А ежели и черен он, а ежели и худ он,
так это все из-за того, что трудно так рождаться.
– Мой муж горячим был, мой муж был словно пламя,
а этот стылый, ледяной, холодный, словно камень.
– Твой это муж, тот самый он, не отгоняй его ты.
Четыре месяца в земле, далеко от мирского,
остыла грудь его в земле, замерзло его сердце.
Такая доля уж у всех покойников и мертвых.
– Но ты поклялся, что вернешь мне дорогого мужа,
а не покойника, что ходит и не разберет дороги.
И засмеялся тут Харон, так что мир содрогнулся.

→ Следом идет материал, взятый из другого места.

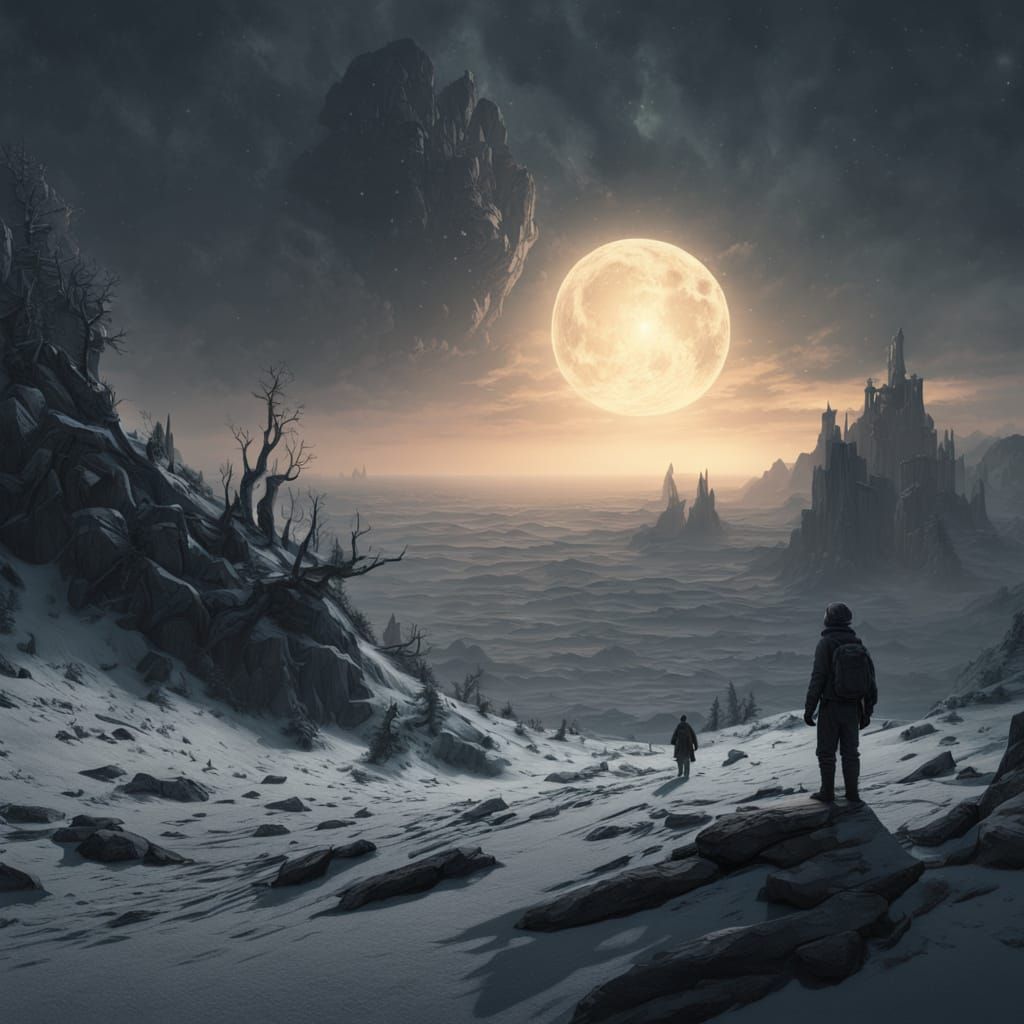 This image shows a solitary astronaut silhouetted against a massive black hole, surrounded by shattered celestial bodies. It evokes cosmic dread and solitude, rendered in a hyperrealistic, detailed matte painting style with dramatic lighting.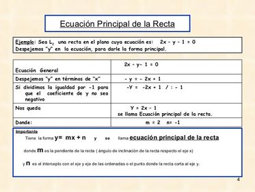 | La ecuación de la recta: dados dos puntos en el plano existe una única recta que los contiene, si la recta no es vertical, osea paralela al eje y, entonces se puede asignar un numero que mide su inclinación este numero se llama pendiente de la recta | |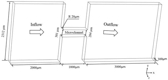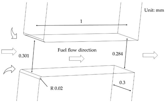 In this paper, a “U” shaped pipe from the Winklhofer visualization fuel experiment [] was selected as the object of our study, and its geometry is shown in Figure 1. The geometrical parameters of the “U” pipe model are: pipe thickness , microchannel inlet height , microchannel outlet height , microchannel length , and microchannel inlet corner radius . The previous studies [,,] all used microchannel models with additional preset buffer flow channels to verify with the Winklhofer test results for comparison. The purpose was to keep the inlet and outlet pressures of the microchannel in the simulation consistent with the pressure conditions in the test so that the simulation results are closer to the actual test measurements. As shown in Figure 2, the simulation model of Guan [] is referred to in this paper, and the buffered flow channels of × × and × × are preset before and after the microchannel model, respectively.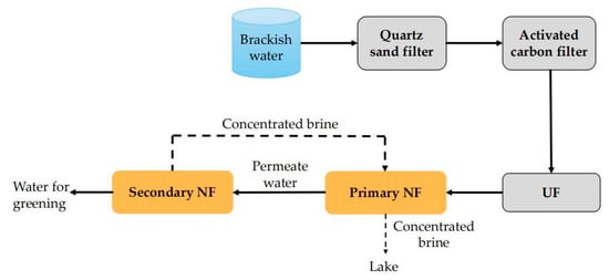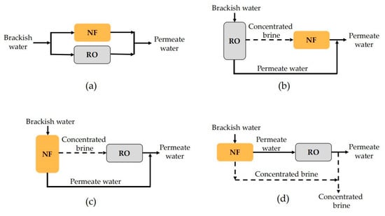- The application of NF technology integrated with other emerging water treatment technologies is expected to further improve the performance of brackish water treatment. For instance, an integrated NF-calcite contactor process proposed by Haddad et al. was proved to be a feasible method to effectively remove the undesirable compounds (particularly manganese (Mn), iron (Fe) and hardness) from groundwater [139]. Therefore, more novel hybrid brackish water treatment process combination with NF as core should be explored.

– Свидетелей я призывал, когда тебе поклялся,
и мне никто не скажет, что нарушил свою клятву.
Поэтому ты замолчи и не кляни напрасно,
то, что обещано тебе, я выполнил прекрасно.
Его поднял, его привел, его поставил ровно.
Твой это муж, тот самый он, хотя он и покойник.
Только его ты у меня просила и молила,
твое желание сбылось, теперь пенять не надо.
– Ты знал, Харон, знал наперед, но слова не сказал мне,
Зачем несчастной мне опять, второй раз, разбил сердце?
– Ведь я Харон, о женщина, и повелитель тьмы я.
Таким Господь меня создал, таким я нужен миру,
рыданья мне ласкают слух, плач слышится мне песней,
и вторят им печальные филинов воздыханья.
Пальцы беру у стариков и делаю свистульки,
а косточки младенчиков – ключи для барабанов.
А если крепкий молодец – то кожу я сдираю
и бубен звонкий делаю, а зубы – бубенцами.
В том замке черном, где живу, из плит могильных стены,
в садах вокруг везде растут нежные асфодели.